WORK ORDER – No pictures, nothing altered: return the data below.

PROVIDED RECORDS Block Start

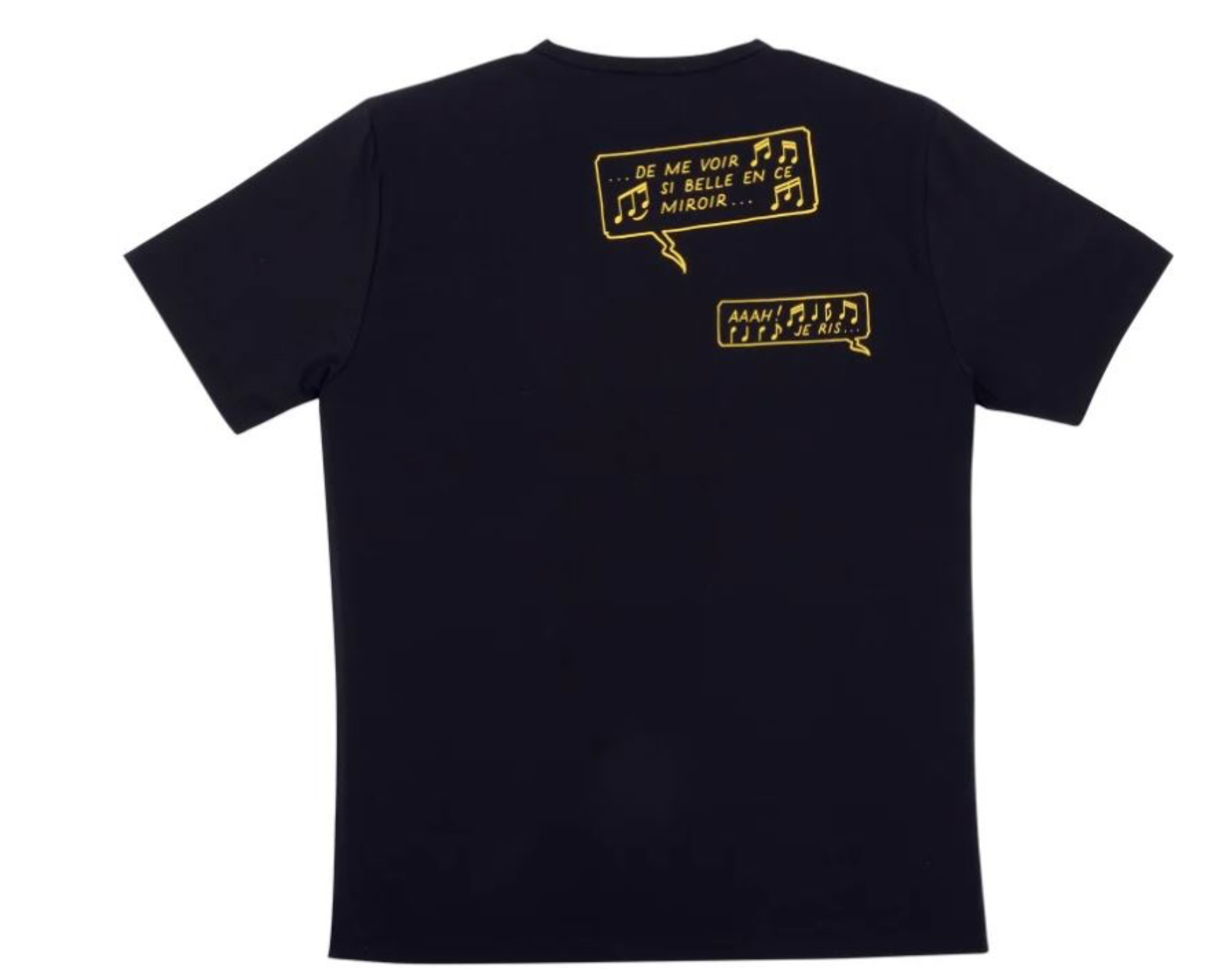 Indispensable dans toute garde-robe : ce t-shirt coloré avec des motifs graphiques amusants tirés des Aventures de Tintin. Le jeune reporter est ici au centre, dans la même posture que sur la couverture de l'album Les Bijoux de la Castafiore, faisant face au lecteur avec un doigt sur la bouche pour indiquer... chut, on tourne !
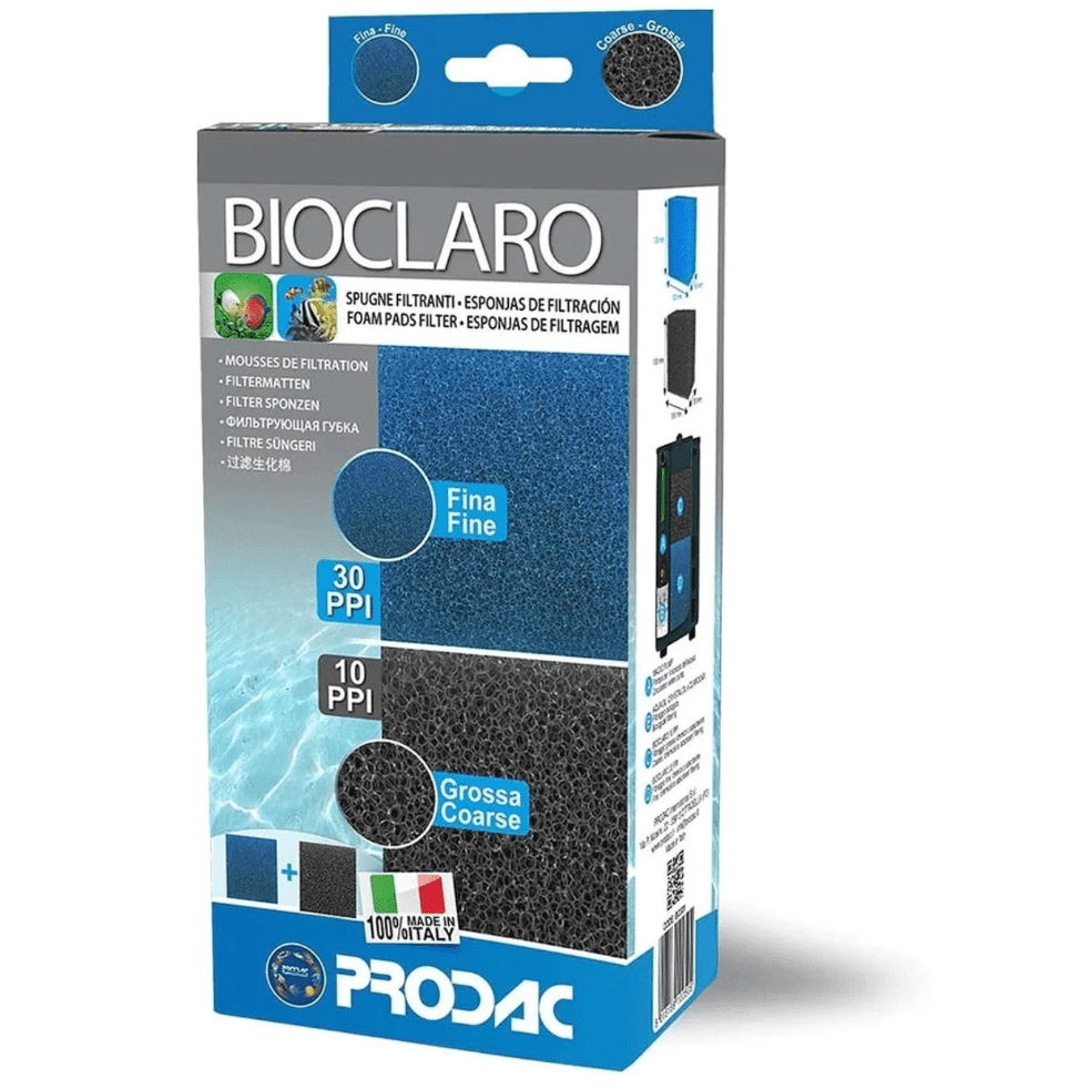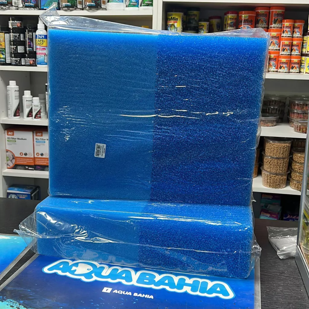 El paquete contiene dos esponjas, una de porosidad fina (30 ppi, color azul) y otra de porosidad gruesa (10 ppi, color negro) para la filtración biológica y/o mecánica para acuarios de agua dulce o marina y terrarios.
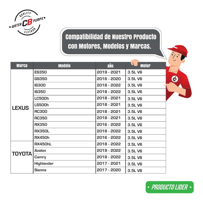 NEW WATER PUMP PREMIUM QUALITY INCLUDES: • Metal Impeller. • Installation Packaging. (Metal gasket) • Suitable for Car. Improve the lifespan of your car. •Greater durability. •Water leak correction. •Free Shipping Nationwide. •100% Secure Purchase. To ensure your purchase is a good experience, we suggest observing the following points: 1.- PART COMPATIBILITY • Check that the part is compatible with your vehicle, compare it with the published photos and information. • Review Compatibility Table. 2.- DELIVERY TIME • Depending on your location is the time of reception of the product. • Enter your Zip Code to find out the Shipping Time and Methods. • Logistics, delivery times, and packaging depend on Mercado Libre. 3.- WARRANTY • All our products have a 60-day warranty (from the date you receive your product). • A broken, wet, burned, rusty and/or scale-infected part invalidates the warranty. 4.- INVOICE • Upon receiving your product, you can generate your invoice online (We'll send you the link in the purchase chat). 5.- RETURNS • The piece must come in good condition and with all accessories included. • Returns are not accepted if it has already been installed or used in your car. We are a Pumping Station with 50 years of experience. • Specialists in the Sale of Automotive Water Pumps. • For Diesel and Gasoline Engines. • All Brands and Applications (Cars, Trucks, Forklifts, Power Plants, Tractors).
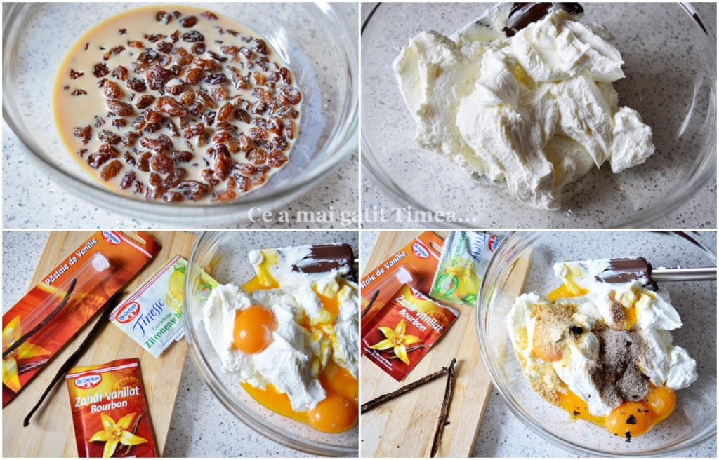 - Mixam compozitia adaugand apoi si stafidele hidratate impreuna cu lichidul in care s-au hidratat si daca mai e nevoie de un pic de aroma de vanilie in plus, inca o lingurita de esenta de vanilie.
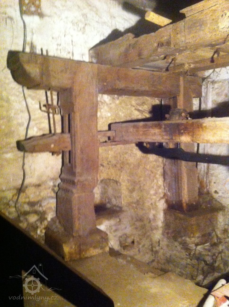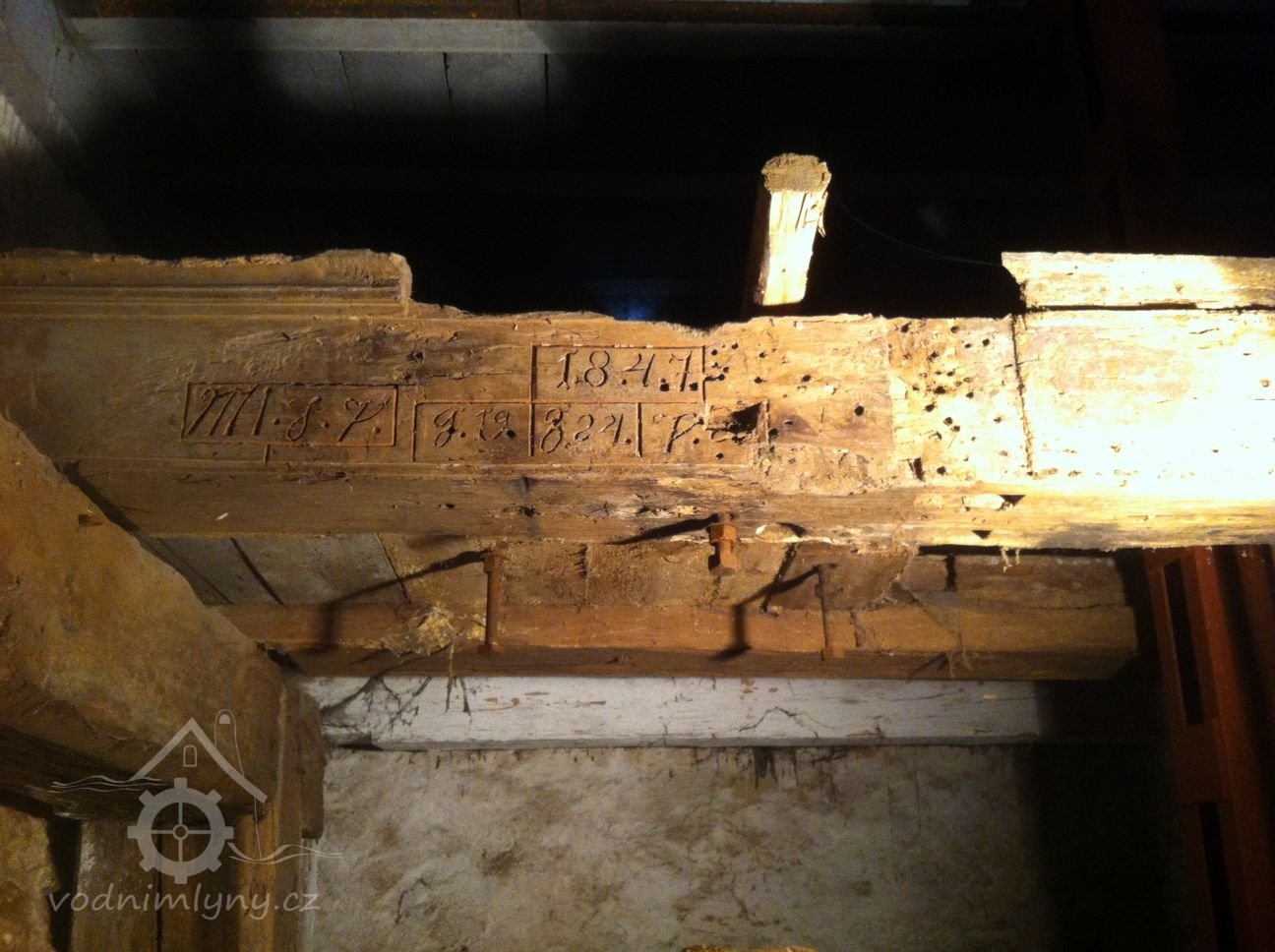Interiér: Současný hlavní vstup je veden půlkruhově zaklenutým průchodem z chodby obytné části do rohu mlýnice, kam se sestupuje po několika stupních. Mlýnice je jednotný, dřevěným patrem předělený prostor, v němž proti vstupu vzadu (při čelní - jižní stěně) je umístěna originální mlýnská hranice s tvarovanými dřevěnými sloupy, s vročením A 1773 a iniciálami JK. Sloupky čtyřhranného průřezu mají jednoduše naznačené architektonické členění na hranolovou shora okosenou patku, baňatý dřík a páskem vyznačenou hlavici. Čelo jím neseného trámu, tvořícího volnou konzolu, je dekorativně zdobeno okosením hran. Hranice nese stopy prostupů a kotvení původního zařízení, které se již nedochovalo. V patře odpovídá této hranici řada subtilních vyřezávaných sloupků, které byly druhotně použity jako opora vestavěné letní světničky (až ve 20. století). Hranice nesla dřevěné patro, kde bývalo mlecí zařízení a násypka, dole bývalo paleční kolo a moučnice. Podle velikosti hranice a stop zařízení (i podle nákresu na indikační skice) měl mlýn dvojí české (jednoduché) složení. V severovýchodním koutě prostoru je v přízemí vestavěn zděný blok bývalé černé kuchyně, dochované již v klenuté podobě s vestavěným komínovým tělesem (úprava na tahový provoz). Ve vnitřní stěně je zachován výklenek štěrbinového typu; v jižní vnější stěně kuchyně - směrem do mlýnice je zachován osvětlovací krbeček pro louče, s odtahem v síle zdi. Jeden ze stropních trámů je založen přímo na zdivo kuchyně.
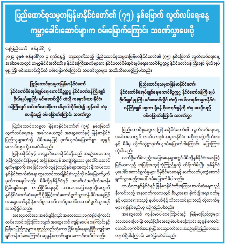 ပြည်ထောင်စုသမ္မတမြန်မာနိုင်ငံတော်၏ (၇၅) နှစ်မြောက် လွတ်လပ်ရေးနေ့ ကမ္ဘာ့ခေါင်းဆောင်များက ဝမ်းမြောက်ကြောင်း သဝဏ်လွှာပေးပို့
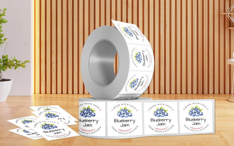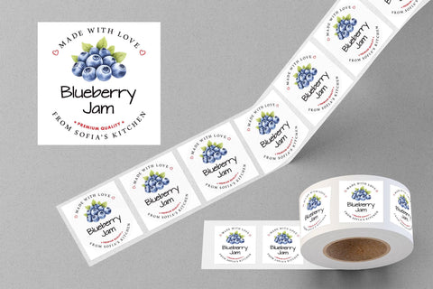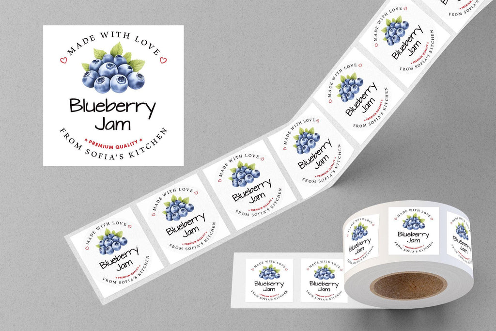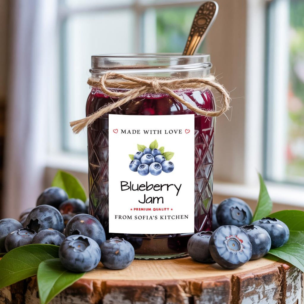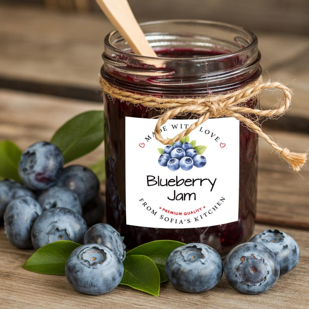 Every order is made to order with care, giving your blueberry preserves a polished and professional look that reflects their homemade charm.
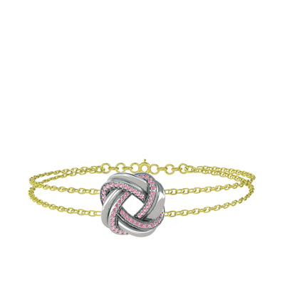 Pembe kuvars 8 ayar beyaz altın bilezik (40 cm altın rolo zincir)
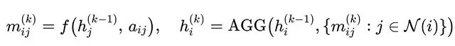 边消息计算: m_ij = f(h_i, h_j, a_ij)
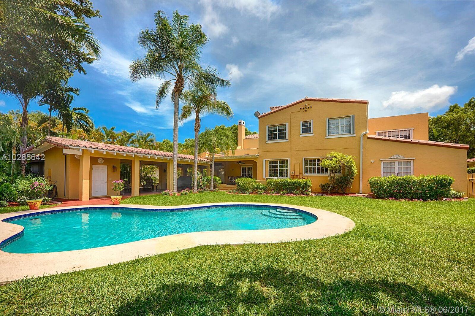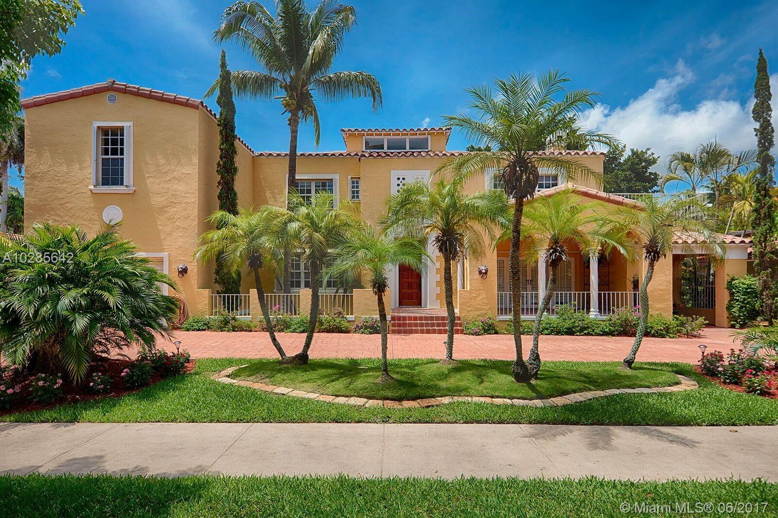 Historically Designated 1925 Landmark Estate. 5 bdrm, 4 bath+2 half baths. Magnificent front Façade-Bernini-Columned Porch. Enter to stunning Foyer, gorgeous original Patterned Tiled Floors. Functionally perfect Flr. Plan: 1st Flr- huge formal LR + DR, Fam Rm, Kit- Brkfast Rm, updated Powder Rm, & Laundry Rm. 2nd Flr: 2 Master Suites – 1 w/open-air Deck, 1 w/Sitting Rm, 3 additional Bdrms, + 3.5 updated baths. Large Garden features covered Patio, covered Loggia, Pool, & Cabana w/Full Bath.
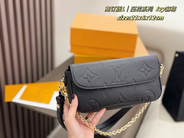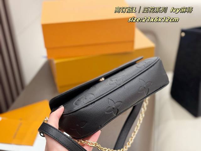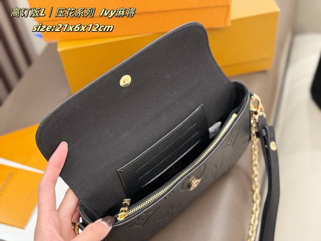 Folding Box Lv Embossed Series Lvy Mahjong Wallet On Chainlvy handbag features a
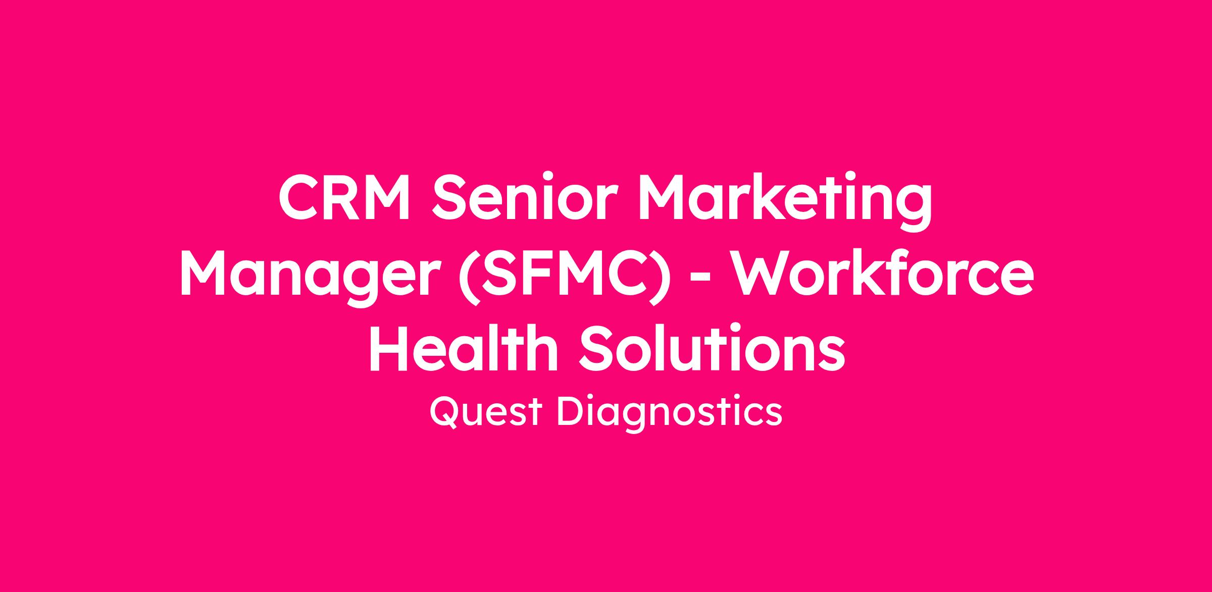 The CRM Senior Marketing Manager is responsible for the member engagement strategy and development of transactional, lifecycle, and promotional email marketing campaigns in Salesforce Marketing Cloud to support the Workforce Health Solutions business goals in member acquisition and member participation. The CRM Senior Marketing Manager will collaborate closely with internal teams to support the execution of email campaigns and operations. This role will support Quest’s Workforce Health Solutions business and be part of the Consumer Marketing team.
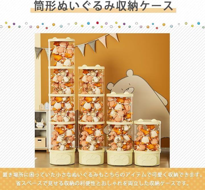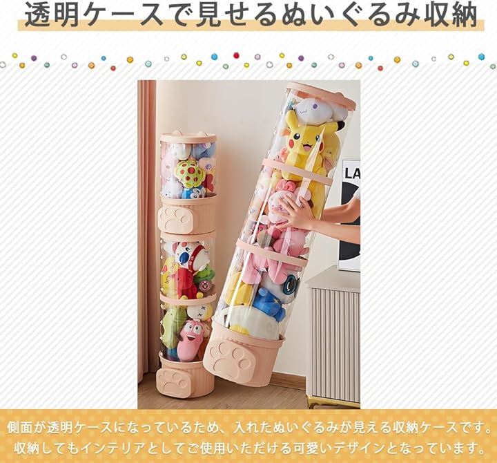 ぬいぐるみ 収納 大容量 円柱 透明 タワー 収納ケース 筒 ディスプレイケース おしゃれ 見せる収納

PROVIDED RECORDS Block End

ANSWER FOR THE TASK –
 Indispensable dans toute garde-robe : ce t-shirt coloré avec des motifs graphiques amusants tirés des Aventures de Tintin. Le jeune reporter est ici au centre, dans la même posture que sur la couverture de l'album Les Bijoux de la Castafiore, faisant face au lecteur avec un doigt sur la bouche pour indiquer... chut, on tourne !
 El paquete contiene dos esponjas, una de porosidad fina (30 ppi, color azul) y otra de porosidad gruesa (10 ppi, color negro) para la filtración biológica y/o mecánica para acuarios de agua dulce o marina y terrarios.
 NEW WATER PUMP PREMIUM QUALITY INCLUDES: • Metal Impeller. • Installation Packaging. (Metal gasket) • Suitable for Car. Improve the lifespan of your car. •Greater durability. •Water leak correction. •Free Shipping Nationwide. •100% Secure Purchase. To ensure your purchase is a good experience, we suggest observing the following points: 1.- PART COMPATIBILITY • Check that the part is compatible with your vehicle, compare it with the published photos and information. • Review Compatibility Table. 2.- DELIVERY TIME • Depending on your location is the time of reception of the product. • Enter your Zip Code to find out the Shipping Time and Methods. • Logistics, delivery times, and packaging depend on Mercado Libre. 3.- WARRANTY • All our products have a 60-day warranty (from the date you receive your product). • A broken, wet, burned, rusty and/or scale-infected part invalidates the warranty. 4.- INVOICE • Upon receiving your product, you can generate your invoice online (We'll send you the link in the purchase chat). 5.- RETURNS • The piece must come in good condition and with all accessories included. • Returns are not accepted if it has already been installed or used in your car. We are a Pumping Station with 50 years of experience. • Specialists in the Sale of Automotive Water Pumps. • For Diesel and Gasoline Engines. • All Brands and Applications (Cars, Trucks, Forklifts, Power Plants, Tractors).
 - Mixam compozitia adaugand apoi si stafidele hidratate impreuna cu lichidul in care s-au hidratat si daca mai e nevoie de un pic de aroma de vanilie in plus, inca o lingurita de esenta de vanilie.
Interiér: Současný hlavní vstup je veden půlkruhově zaklenutým průchodem z chodby obytné části do rohu mlýnice, kam se sestupuje po několika stupních. Mlýnice je jednotný, dřevěným patrem předělený prostor, v němž proti vstupu vzadu (při čelní - jižní stěně) je umístěna originální mlýnská hranice s tvarovanými dřevěnými sloupy, s vročením A 1773 a iniciálami JK. Sloupky čtyřhranného průřezu mají jednoduše naznačené architektonické členění na hranolovou shora okosenou patku, baňatý dřík a páskem vyznačenou hlavici. Čelo jím neseného trámu, tvořícího volnou konzolu, je dekorativně zdobeno okosením hran. Hranice nese stopy prostupů a kotvení původního zařízení, které se již nedochovalo. V patře odpovídá této hranici řada subtilních vyřezávaných sloupků, které byly druhotně použity jako opora vestavěné letní světničky (až ve 20. století). Hranice nesla dřevěné patro, kde bývalo mlecí zařízení a násypka, dole bývalo paleční kolo a moučnice. Podle velikosti hranice a stop zařízení (i podle nákresu na indikační skice) měl mlýn dvojí české (jednoduché) složení. V severovýchodním koutě prostoru je v přízemí vestavěn zděný blok bývalé černé kuchyně, dochované již v klenuté podobě s vestavěným komínovým tělesem (úprava na tahový provoz). Ve vnitřní stěně je zachován výklenek štěrbinového typu; v jižní vnější stěně kuchyně - směrem do mlýnice je zachován osvětlovací krbeček pro louče, s odtahem v síle zdi. Jeden ze stropních trámů je založen přímo na zdivo kuchyně.
 ပြည်ထောင်စုသမ္မတမြန်မာနိုင်ငံတော်၏ (၇၅) နှစ်မြောက် လွတ်လပ်ရေးနေ့ ကမ္ဘာ့ခေါင်းဆောင်များက ဝမ်းမြောက်ကြောင်း သဝဏ်လွှာပေးပို့
 Every order is made to order with care, giving your blueberry preserves a polished and professional look that reflects their homemade charm.
 Pembe kuvars 8 ayar beyaz altın bilezik (40 cm altın rolo zincir)
 边消息计算: m_ij = f(h_i, h_j, a_ij)
 Historically Designated 1925 Landmark Estate. 5 bdrm, 4 bath+2 half baths. Magnificent front Façade-Bernini-Columned Porch. Enter to stunning Foyer, gorgeous original Patterned Tiled Floors. Functionally perfect Flr. Plan: 1st Flr- huge formal LR + DR, Fam Rm, Kit- Brkfast Rm, updated Powder Rm, & Laundry Rm. 2nd Flr: 2 Master Suites – 1 w/open-air Deck, 1 w/Sitting Rm, 3 additional Bdrms, + 3.5 updated baths. Large Garden features covered Patio, covered Loggia, Pool, & Cabana w/Full Bath.
 Folding Box Lv Embossed Series Lvy Mahjong Wallet On Chainlvy handbag features a
 The CRM Senior Marketing Manager is responsible for the member engagement strategy and development of transactional, lifecycle, and promotional email marketing campaigns in Salesforce Marketing Cloud to support the Workforce Health Solutions business goals in member acquisition and member participation. The CRM Senior Marketing Manager will collaborate closely with internal teams to support the execution of email campaigns and operations. This role will support Quest’s Workforce Health Solutions business and be part of the Consumer Marketing team.
 ぬいぐるみ 収納 大容量 円柱 透明 タワー 収納ケース 筒 ディスプレイケース おしゃれ 見せる収納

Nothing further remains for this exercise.